Hi, so I started with \(\displaystyle \int \frac{\sin(x)\cos^2(x)}{5+\cos^2(x)}dx\)I made u=cos(x) dx=sin(x) leaving \(\displaystyle \int \frac{u^2}{5+u^2}dx\)At this point I was thinking that it looked like an inverse tan, but I was lazy, so instead I tried \(\displaystyle \int\frac{u^2}{5}dx+\int\frac{u^2dx}{u^2}\)In the name of brevity, I concluded with \(\displaystyle \frac{\cos^3(x)}{15}+ \cos(x) + C\)was this a valid way to perform the integration, or should I have went with partial fractions instead? Or just stuck with the inverse tan?Thanks.

 

[MarkFL]

I would be careful with the notation and differentiation. Using the substitution:

\(\displaystyle u=\cos(x)\,\therefore\,du=-\sin(x)\,dx\)

and the integral becomes:

\(\displaystyle -\int\frac{u^2}{u^2+5}\,du\)

Next, you have tried to use:

\(\displaystyle \frac{a}{a+b}=\frac{a}{a}+\frac{a}{b}\)
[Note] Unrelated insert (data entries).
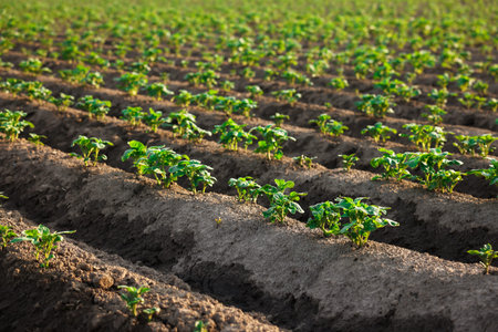 Potato field with green shoots of potatoes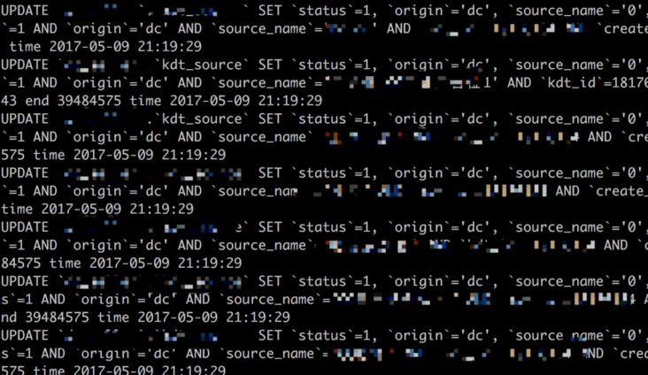 我赶紧登上服务器,查看了这段时间的binlog,发现了大量的update tablename set source_name=0的语句,利用binlog2sql进行了解析,项目地址:binlog2sql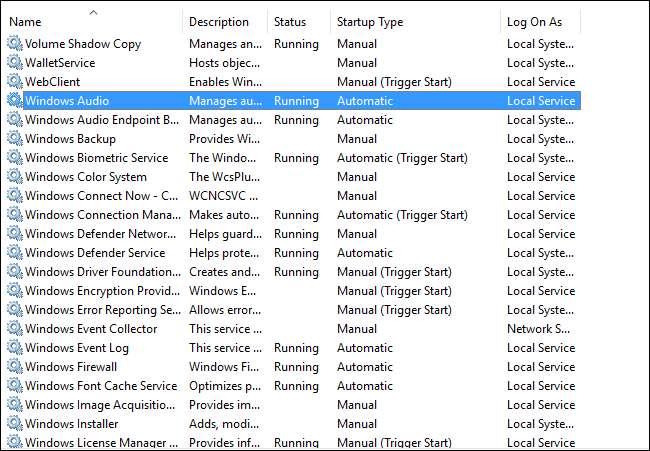 Bläddra igenom listan så ser du detta i aktion. Till exempel är Windows Audio-tjänsten inställd på Automatisk så att din dator kan spela ljud. Windows Security Center-tjänsten startar automatiskt så att den kan hålla reda på säkerhetsproblem i bakgrunden och varna dig, men den är inställd på Automatisk (Fördröjd) eftersom den kan vänta några minuter efter att din dator startar för att börja göra det. Sensorövervakningstjänsten är inställd på Manuell (Trigger Start) eftersom den bara behöver startas om din dator har sensorer som behöver övervakas. Faxtjänsten är inställd på Manuell eftersom du förmodligen inte behöver den, så den körs inte i bakgrunden. Känsliga tjänster som den genomsnittliga datoranvändaren inte behöver, som Remote Registry, är som standard inaktiverade. Nätverksadministratörer kan aktivera sådana tjänster manuellt om de behöver dem.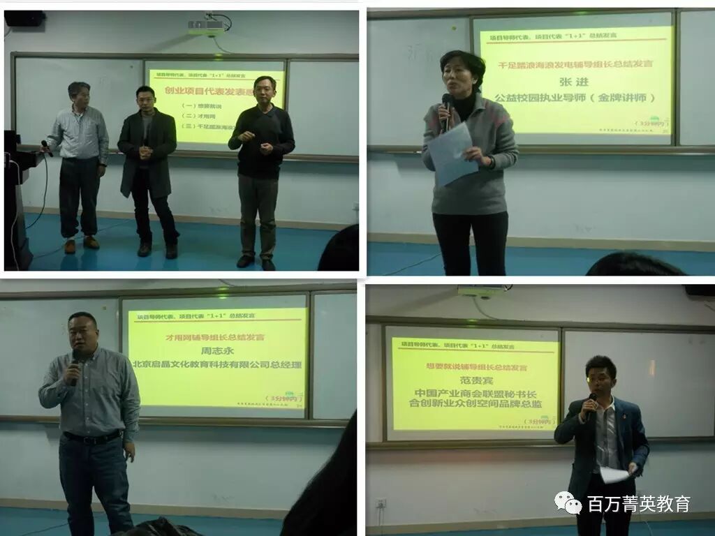 想要就說項(xiàng)目組組長(zhǎng)范貴賓先生、才用網(wǎng)項(xiàng)目組組長(zhǎng)周志永先生、千足踏浪海浪發(fā)電項(xiàng)目組組長(zhǎng)張進(jìn)女士三位組長(zhǎng)把“多對(duì)一輔導(dǎo)”環(huán)節(jié)導(dǎo)師們給項(xiàng)目創(chuàng)始人的評(píng)價(jià)、建議做了詳盡的總結(jié)。三位創(chuàng)業(yè)項(xiàng)目創(chuàng)始人對(duì)導(dǎo)師們輔導(dǎo)及平臺(tái)發(fā)表感言:三個(gè)項(xiàng)目創(chuàng)始人都非常感恩專家和導(dǎo)師們點(diǎn)評(píng)輔導(dǎo),感謝陶行知教育基金會(huì)雙創(chuàng)教育文化基金、智囊傳媒和百萬菁英教育平臺(tái)及各位愛心導(dǎo)師們的辛苦付出,創(chuàng)業(yè)雖然艱難,但他們相信在這么多導(dǎo)師們、愛心人士的幫助下會(huì)越來越有信心,把項(xiàng)目做好,請(qǐng)大家拭目以待!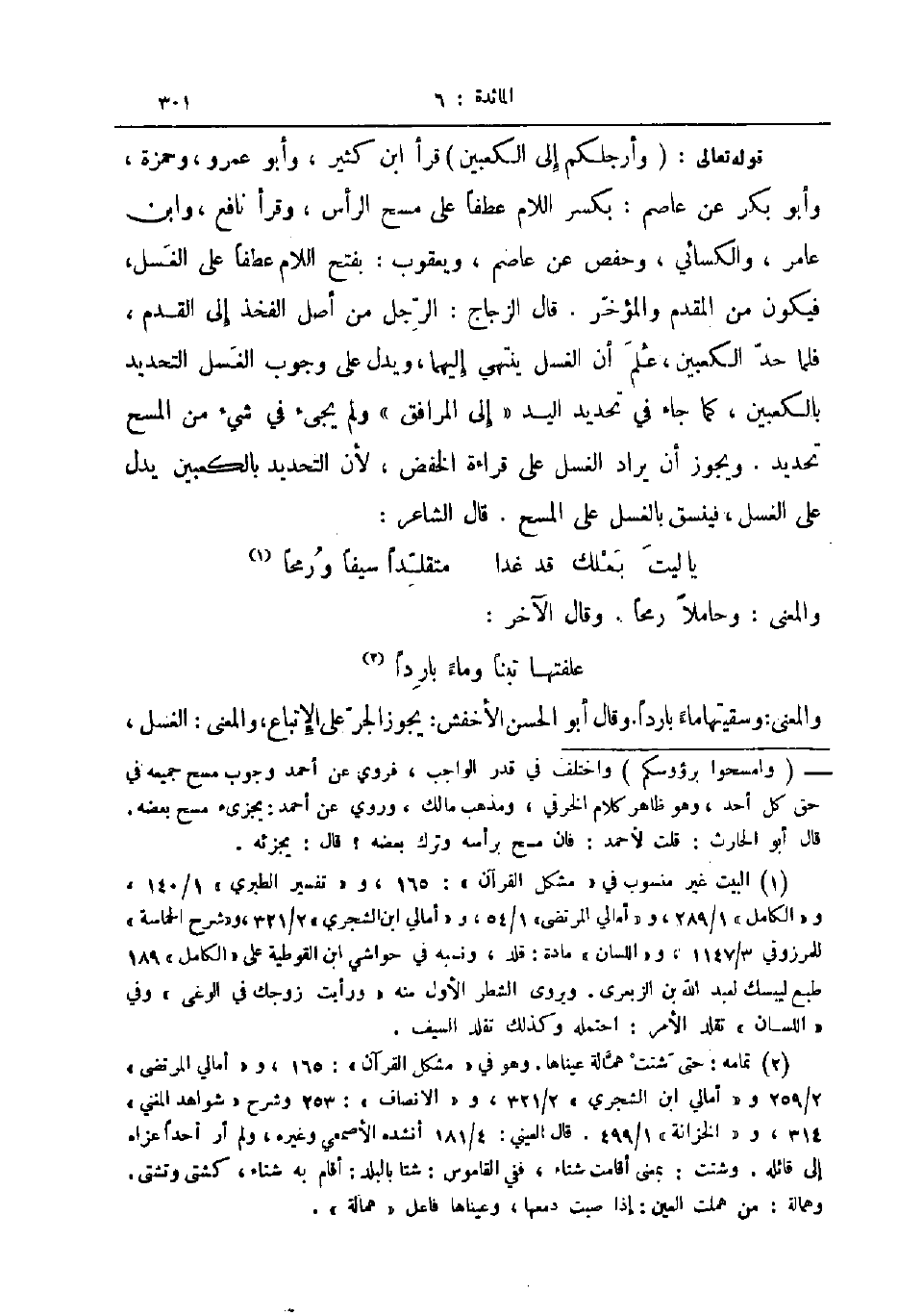 قوله تعالى وأرجلكم إلى الكعبين قرأ ابن كثير وأبو عمرو وحمزة وأبو بكر عن عاصم بكسر اللام عطفا على مسح الرأس وقرأ نافع وابن عامر والكسائي وحفص عن عاصم ويعقوب بفتح اللام عطفا على الغسل فيكون من المقدم والمؤخر قال الزجاج الرجل من أصل الفخذ إلى القدم فلما حد الكعبين علم أن الغسل ينتهي إليهما ويدل على وجوب الغسل التحديد بالكعبين كما جاء في تحديد اليد إلى المرافق ولم يجئ في شيء من المسح تحديد ويجوز أن يراد الغسل على قراءة الخفض لأن التحديد بالكعبين يدل على الغسل فينسق بالغسل على المسح قال الشاعر ... يا ليت بعلك قد غدا ... متقلدا سيفا ورمحا ...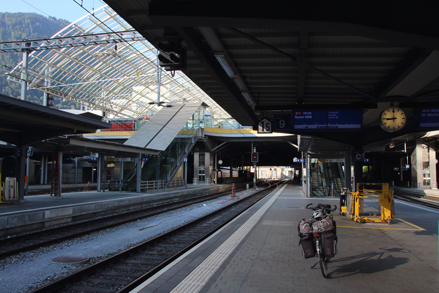 Da der Proviant für die Bahnrückreise bereits am Tag zuvor gekauft werden konnte und das Quartier in Bahnhofsnähe lag, passierte an diesem Tag auf dem Fahrrad fast nichts mehr. Bei der Buchung der Bahnrückreise wurde darauf geachtet bis Basel SBB mit einem Schweizer Zug zu fahren und erst in Basel SBB in einen deutschen Zug umzusteigen. Diese Buchung war recht kompliziert, da die Bahn (DB) ohne besondere Maßnahmen immer einen Umstieg bereits in Zürich HB in einen deutschen ICE anbot. Im Vorfeld der Buchung war bereits bekannt gewesen, dass aus Deutschland kommende Züge, die fahrplanmäßig über Basel SBB in die Schweiz einfahren, in Basel SBB enden, wenn sie dort mit mehr als 15 min Verspätung eintreffen, da die Schweiz keine großen Verspätungen aus dem Ausland importieren möchte. Wenn ein aus Deutschland kommender Zug verspätungsbedingt zwangsweise schon in Basel SBB endet, fehlt dieser natürlich auch für die Rückfahrt auf der Strecke innerhalb der Schweiz bis Basel SBB. Genau das war passiert. Der gebuchte ICE, der eigentlich hätte in Zürich HB abfahren sollen, kam in Basel SBB nicht an. Der hatte aus Deutschland mit entsprechend großer Verspätung kommend in Basel SBB geendet und wurde dann dort für die Rückfahrt nach Deutschland bereit gestellt. Eine Rückreise mit dem von der Bahn vorgeschlagenen Umstieg in Zürich HB in den deutschen ICE wäre also sehr wahrscheinlich komplett schief gegangen, denn ob die Schweiz in solchen Fällen einen Ersatzzug bereit stellt, der den dann in Basel SBB stehenden ICE erreicht, ist nicht bekannt. Gebucht wurde zudem so, dass in Basel SBB genug Zeit blieb, um eine warme Mahlzeit zu kaufen. Durch diesen eingeplanten Zeitpuffer konnte ein von Chur nach Basel SSB durchgehender Zug gebucht werden. Viele Verbindungen zwischen Chur und Basel SBB sind mit Umstieg in Zürich. Das Risiko dort den Anschluss zu verpassen ist zwar gering, da die Züge in der Schweiz anders als in Deutschland größtenteils pünktlich verkehren, aber mit dem beladenen Fahrrad ist jeder Umstieg lästig. Zwischen Basel SBB und Hannover Hbf. sind durchgehende Verbindungen verfügbar, sodass weitere Umstiege vermieden werden können. Der ICE sammelte in Deutschland angekommen gleich erst mal baustellenbedingt 10 min Verspätung ein. Hannover Hbf. wurde dann aber doch mit nur 2 min Verspätung erreicht.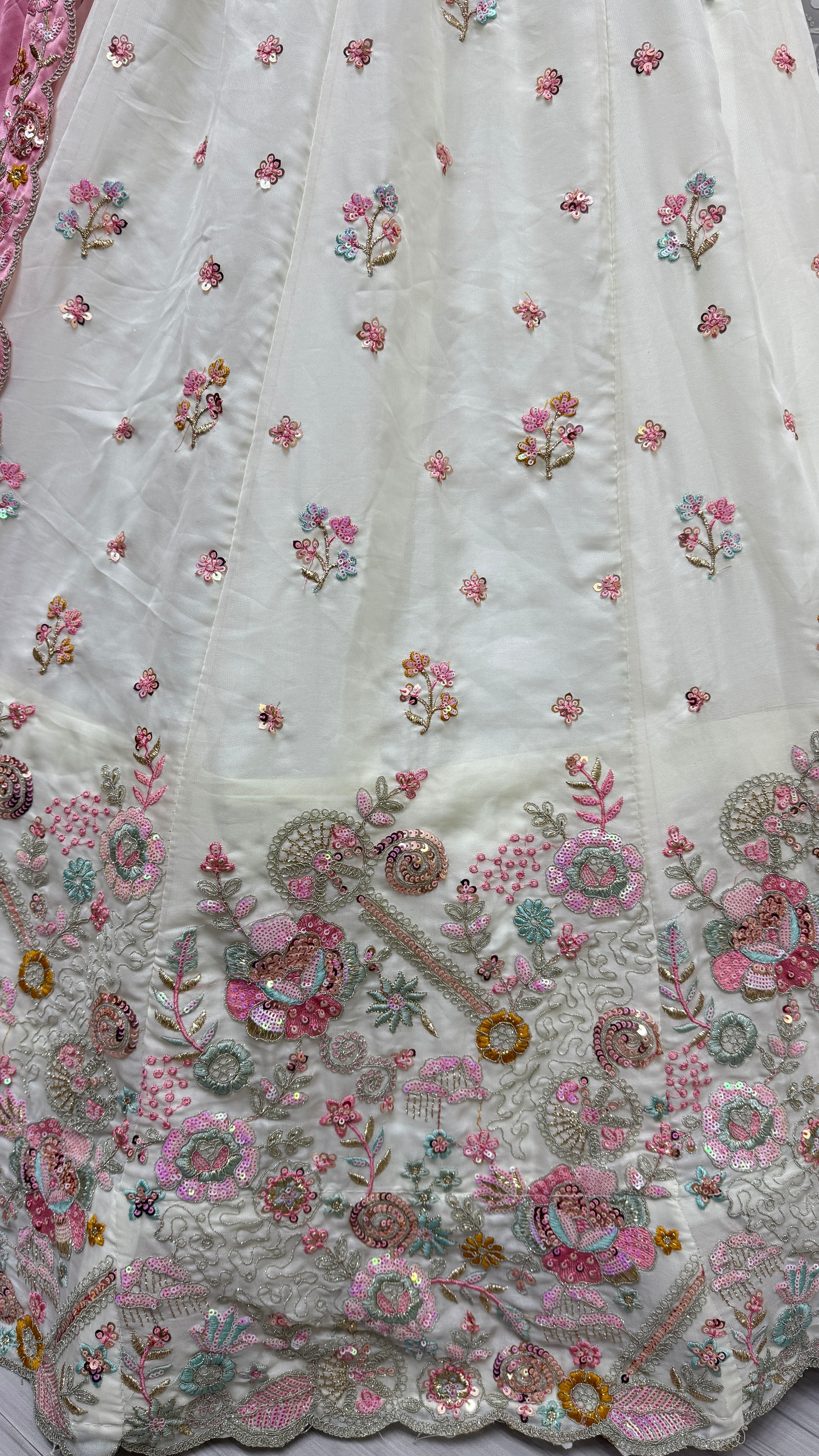 White Bridal Silk Lehenga with Stunning Embroidery and Stone Work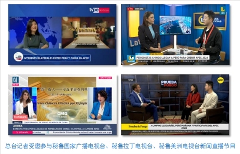 中央廣播電視總臺記者受邀參與秘魯國家廣播電視臺、秘魯拉丁電視臺和當?shù)厥找暵首罡叩拿佤斆乐揠娨暸_新聞直播節(jié)目,介紹《平“語”近人——習近平喜歡的典故》第三季(西班牙語版)內(nèi)容,帶領當?shù)厥鼙姼形蛄暯街飨玫渲刑N含的中國智慧。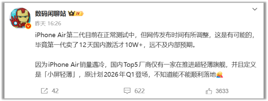 博主数码闲聊站透露消息:“iPhone Air第二代目前在正常测试中,但网传发布时间有所调整,这是有可能的,毕竟第一代卖了12天国内激活才10W+,远不及内部预期。因为iPhone Air销量遇冷,国内Top5厂商仅有一家在推进超轻薄旗舰,并且定义是「小屏轻薄」,原计划2026年Q1登场,不知道能不能顺利落地”
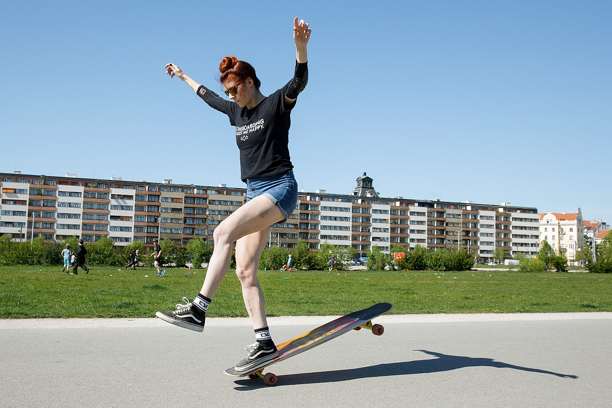 Cruisers, dancing boards, longboards, motorised boards: you’ll see any number of those any given day at Letná Park and other parts of the city. Top riders like Valérie and her crew also ride at Letná on occasion while Max sometimes takes the biggest hills down into Stromovka Park (easy for him, Everest for the rest of us).
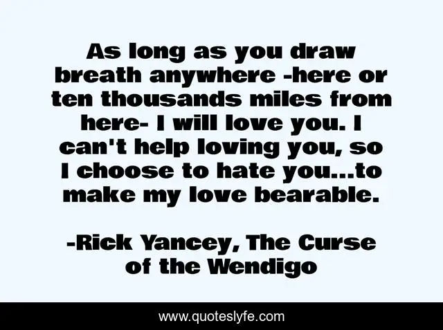 This page presents the quote "As long as you draw breath anywhere -here or ten thousands miles from here- I will love you. I can't help loving you, so I choose to hate you...to make my love bearable.". Author of this quote is Rick Yancey, The Curse of the Wendigo. This quote is about hate, love, affection,.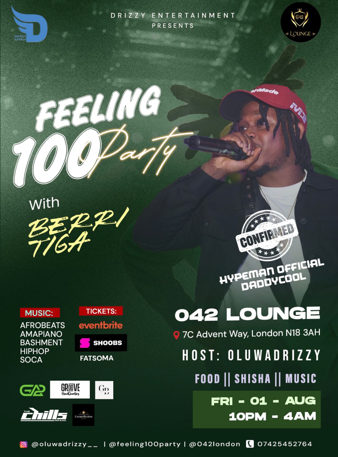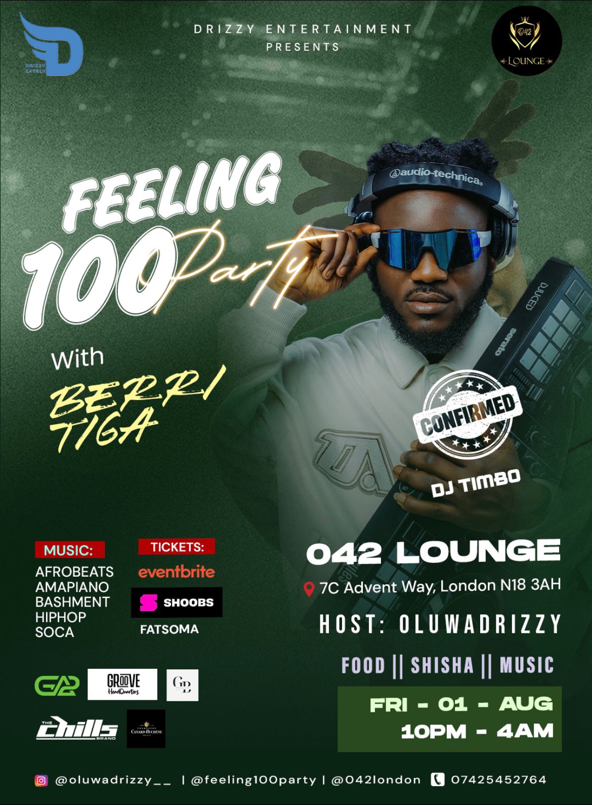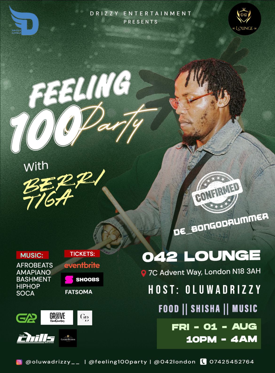 Join us for FEELING 100 PARTY . Expect a total celebration of music, entertainment and culture. Expect to hear the REAL Afrobeats/Bashment/Soca, Hip Hop, R&B, Amapiano & many more from across t...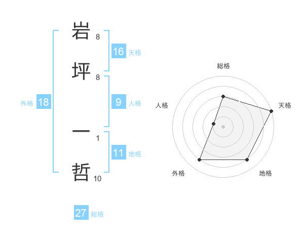 岩坪 一哲さんの総格は27画の3点!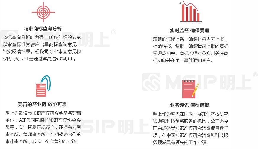 1、專業(yè)知識產(chǎn)權(quán)背景  明上利用自己專業(yè)化的知識產(chǎn)權(quán)背景,為企業(yè)知識產(chǎn)權(quán)領(lǐng)域業(yè)務(wù)提供專業(yè)解決、代理申報服務(wù)并完善申報工作中關(guān)于企業(yè)自主知識產(chǎn)權(quán)的專業(yè)問題。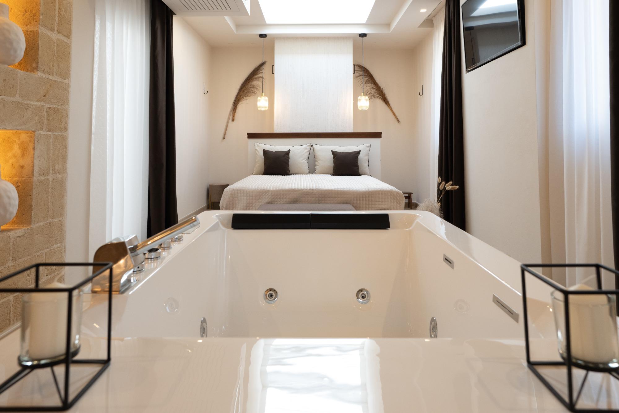 Breakfast is served directly in the room under elegant cloches, offering Mediterranean specialties such as coffee, milk, croissants, fresh fruit, yogurt, and homemade cakes, providing an intimate and delightful start to the day. Guests also have access to electric car charging and parking right in front.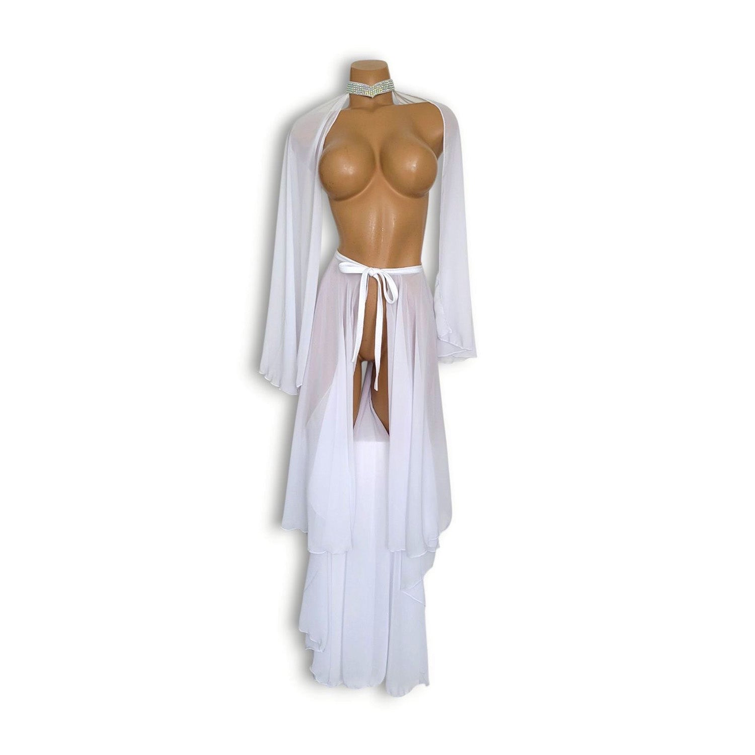 軽やかで幻想的な印象を演出する白シフォンスカートと、ひらひらと揺れる布が一体化したストーン付チョーカーの2点セット。気品あふれる佇まいとピュアな透明感が調和し、まさに“女神”のような存在感を引き立てるアイテムです。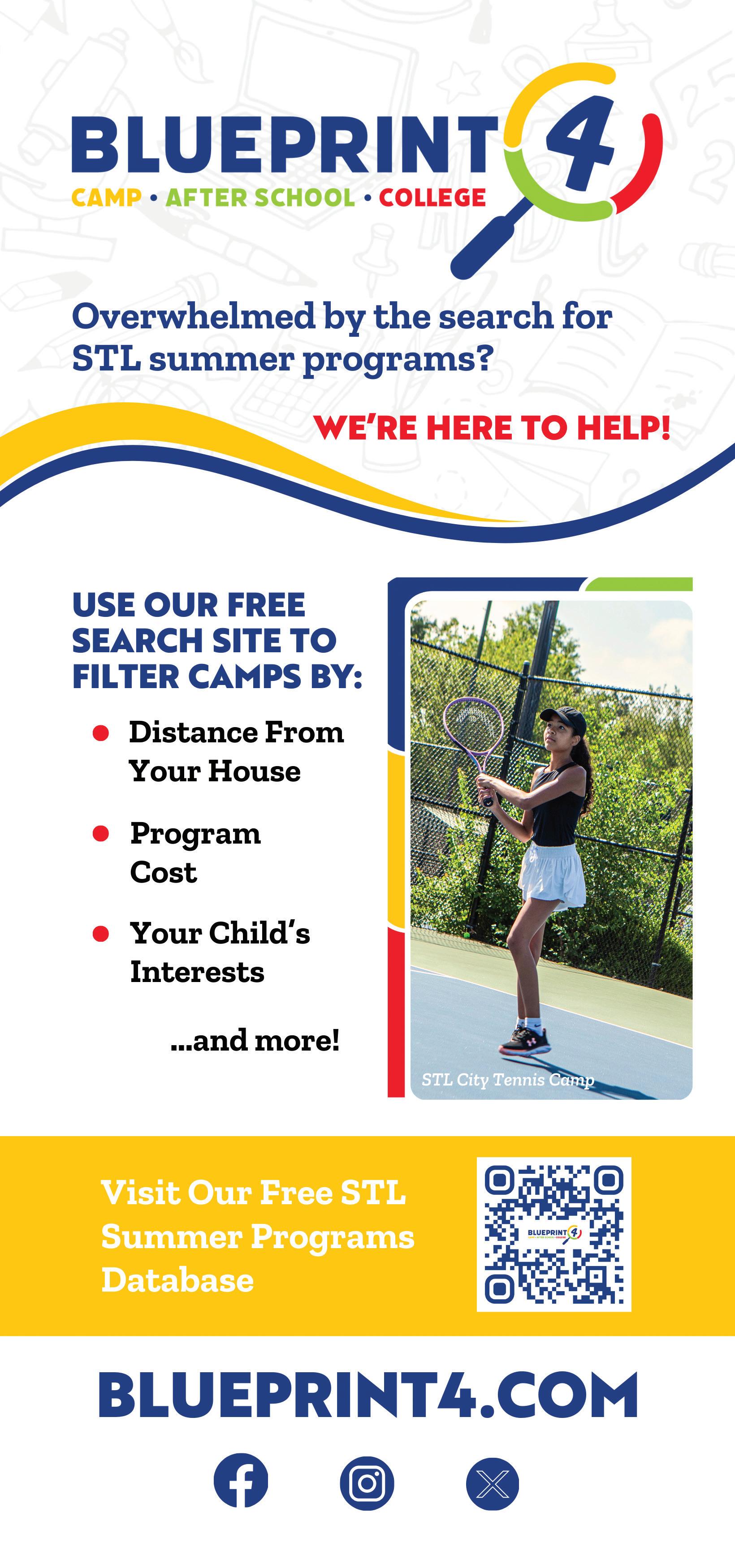 This Camp Guide was produced in partnership with Blueprint4, a free database of St. Louis-area out-of-school programs. To find additional information about these summer programs and many more, visit blueprint4. com.

and this simply is not true. I would suggest rewriting the integrand as:

\(\displaystyle \frac{(u^2+5)-5}{u^2+5}=1-\frac{5}{u^2+5}\)

Now you may integrate term by term, then back-substitute for $u$.

 

[bmanmcfly]

I would be careful with the notation and differentiation. Using the substitution:

\(\displaystyle u=\cos(x)\,\therefore\,du=-\sin(x)\,dx\)

and the integral becomes:

\(\displaystyle -\int\frac{u^2}{u^2+5}\,du\)

Next, you have tried to use:

\(\displaystyle \frac{a}{a+b}=\frac{a}{a}+\frac{a}{b}\)

and this simply is not true. I would suggest rewriting the integrand as:

\(\displaystyle \frac{(u^2+5)-5}{u^2+5}=1-\frac{5}{u^2+5}\)

Now you may integrate term by term, then back-substitute for $u$.

Oops, forgot te minus here, not written down...

Ok, thought I was doing that too simply.

Thanks.